Sultan Hajuddin diasingkan ke Cianjur oleh pemerintah kolonial pada 1832. Sebab sikap keluarga Sultan Jailolo tak sejalan lagi dengan politik pemerintah kolonial. Sultan Hajuddin menghabiskan hari-hari terakhirnya di Cianjur. Selama ratusan tahun, keluarganya tak mengetahui letak pasti makamnya.
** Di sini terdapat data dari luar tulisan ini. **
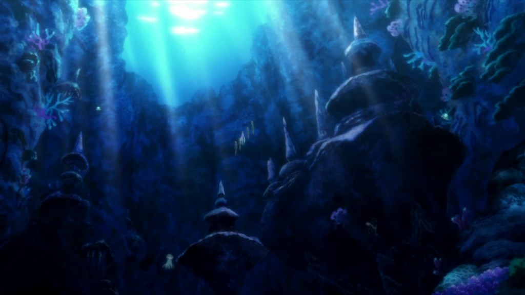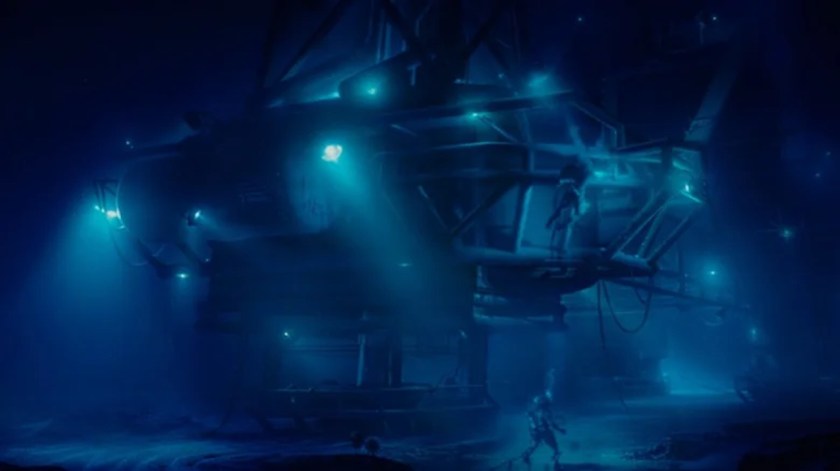 NO TOPO: Imagem de O Segredo do Abismo, de James Cameron. Não encontrei tantas bases submarinas em anime para servir de referência, infelizmente.

Baca juga: Empat Raja yang Dibuang ke Cianjur
Hari itu, Jumat 25 Oktober 2019, akhirnya keluarga Sultan Hajuddin berhasil menemukan makam Sultan Hajuddin setelah membaca artikel historia.id. Rombongan kemudian menengadahkan tangan untuk berdoa. Beberapa warga dan sesepuh kota Cianjur yang menemani mereka, juga ikut berdoa. Suasana haru dan hening sesaat.
Baca juga: Dari Jailolo ke Priangan
Sultan Ahmad Sjah mengaku lega bisa berkunjung ke makam leluhurnya. “Selama ini, ayah kami tidak pernah memberi tahu kami di mana makam leluhur kami. Jadi ketika sekarang akhirnya kami bisa menemukannya lalu ziarah sekaligus berdoa untuk beliau, rasanya plong sekali.”
Khareudin, Perdana Menteri Jailolo, mengatakan sebenarnya mereka sudah tahu kisah pengasingan Sultan Jailolo ketiga sejak 2006. Tapi kisahnya tak lengkap. “Setahu kami Sultan itu diasingkan hanya sampai Batavia. Tapi ternyata sampai di Cianjur, dan sekarang kami bisa menelusurinya hingga ketemu itu rasanya luar biasa.”
Sementara para warga sekitar tidak pernah tahu secara pasti siapa yang bersemayam di makam itu. “Sebelumnya orang-orang di sini hanya tahu bahwa itu makam orang besar dari seberang, dan mereka mengenalnya hanya sebatas itu. Makam Haji Lolo, bukan Sultan Jailolo,” kata Agus Thosin (65 tahun), sesepuh Salegedang.
Saat akan meninggalkan makam, Sultan Ahmad Sjah menyampaikan penghormatan setinggi-tingginya kepada warga. “Saya ucapkan terima kasih kepada semua warga Cianjur yang sudah membantu saya dan keluarga menemukan makam leluhur kami. Insya Allah kami akan sering ke sini untuk menjaga dan merawat makam keluarga kami ini.”